Завораживает в этом тексте небывалое — то, чего ни у Надаша, ни вообще, кажется, в мировой литературе не было: разъединенные в авторском анализе, но в действительности связанные воедино «части души» автора-героя опрокидываются — через опыт смерти — в некий универсум как таковой, неведомый никому и уж точно бессубъектный. Такое, вероятно, случается с каждым в момент смерти. Невероятно то, что умирающий умудряется улавливать, соотносить с опытом других, рефлексировать и запоминать как происходящие с ним самим трансформации, так и просто происходящее — вкупе с условиями, в которых оно разворачивается (например, отсутствие времени и пространства в привычном понимании).
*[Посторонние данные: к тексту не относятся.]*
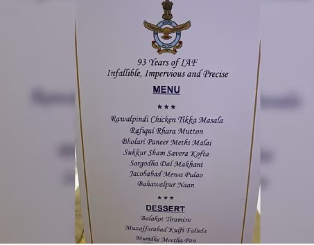 ભારતીય વાયુસેના (IAF)એ 8 ઓક્ટોબરે ખૂબ જ ધામધૂમથી તેની 93મી વર્ષગાંઠની ઉજવણી કરી. જોકે, વાયુસેના દિવસની ડિનર પાર્ટીનું મેનુ સોશિયલ મીડિયા પર છવાઈ ગયું.કારણ સ્વાદ નહીં, પણ તેમાં શામેલ વાનગીઓના નામ છે. મેનુનું શીર્ષક “93 વર્ષ IAF: અચૂક, અભેદ્ય અને સચોટ” છે.મેનુપરની વાનગીઓના નામ પાકિસ્તાની બેઝ પરથી રાખવામાં આવ્યા છે.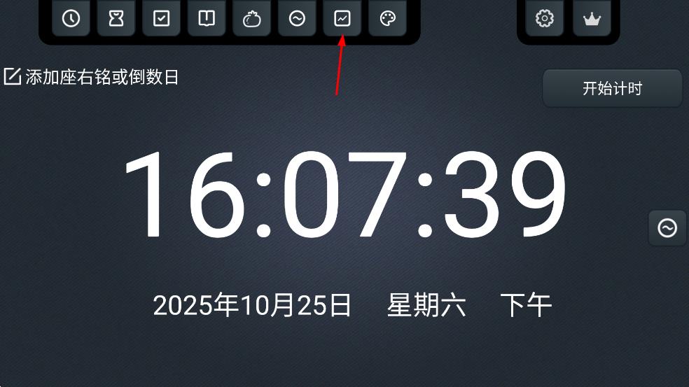 2、設(shè)置好背景音后,返回主界面,點(diǎn)擊上方統(tǒng)計(jì)圖標(biāo)。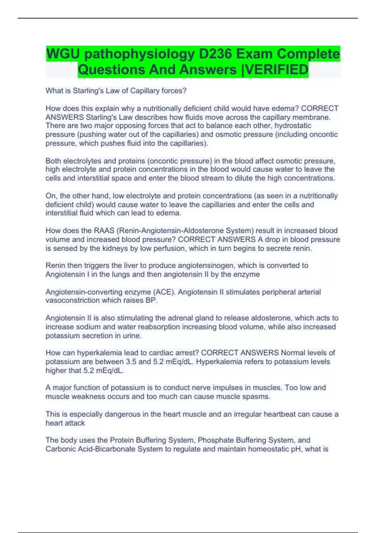 WGU pathophysiology D236 Exam Complete Questions And Answers |VERIFIED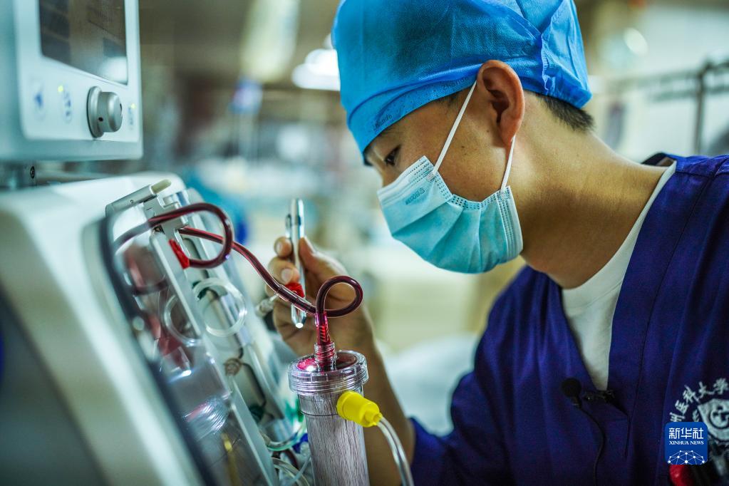 贵州医科大学附属医院综合ICU护士王银检查医疗仪器的管路(5月10日摄)。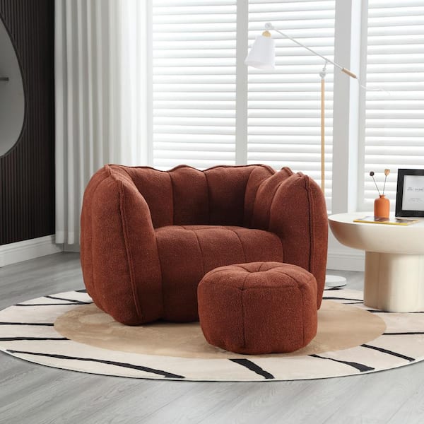Red Chenille Polyester Soft Bean Bag Chair with High Resilient Foam for Living Room and Bedroom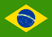 巴西国旗: 呈长方形,长与宽之比为10∶7。旗地为绿色,中间是一个黄色菱形,其四个顶点与旗边的距离均相等。菱形中间是一个蓝色天球仪,其上有一条拱形白带。绿、黄色是巴西的国色。绿色象征该国广阔的丛林,黄色代表丰富的矿藏和资源。天球仪上的拱形白带将球面分为上下两部分,下半部象征南半球星空,其上大小不同的白色五角星代表巴西的26个州和一个联邦区。白带上用葡萄牙文写着“秩序和进步”。
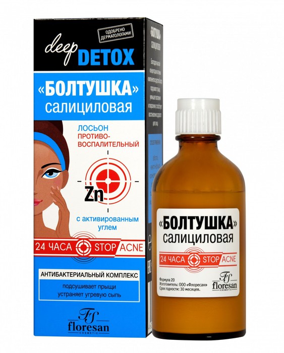 Салициловая болтушка – одно из лучших средств для кожи, склонной к акне и является хорошей профилактикой от появления прыщей. Эффективно очищает, снимает воспаления и угревую сыпь.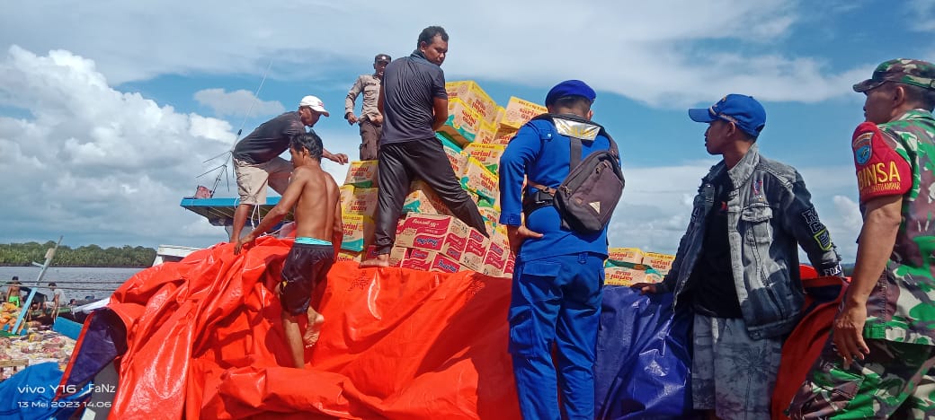 Amankan TKP Tenggelamnya Kapal KM. HASIL UTAMA, Ditpolairud Polda Kalbar Bantu Evakuasi Barang Dagangan Kelontong dan Sembako

Благодаря наблюдательности автора (фотографа по первой профессии) и безотказности его ума все случившееся сохраняется, чтобы потом приоткрыться читателям.

Последнее, впрочем, становится возможным уже благодаря героическим усилиям венгерских медиков: ленивой дородной медсестры, самоотверженно разыскивающей плечики, на которые можно повесить дорогой пиджак умирающего, невысокого лысого врача-аскета и черноволосого практиканта с густой щетиной. Чтобы написать впоследствии то, что мы читаем, надо было все же остаться в живых. В готовом тексте вернувшийся к жизни Надаш фиксирует и то, что было «на самом деле», «объективно», и то, что переживает он сам, и то, как это все воспринимают окружающие; а когда он вдруг раздваивается на увлекаемое в некую пещеру сознание и лежащее на больничной кровати тело, то подробно описывает и «где мы реально находимся», и больничную палату — последнюю, правда, с какой-то нереалистичной верхней точки.

Борис Дубин заметил о «Собственной смерти», что «этот текст Надаша делает что-то такое с языком описания, с языком представления, с изобразительной тканью, с метафорикой и так далее, после чего литературе сознательной, осознающей себя литературе придется задавать себе вопрос, на чем она, собственно, держится»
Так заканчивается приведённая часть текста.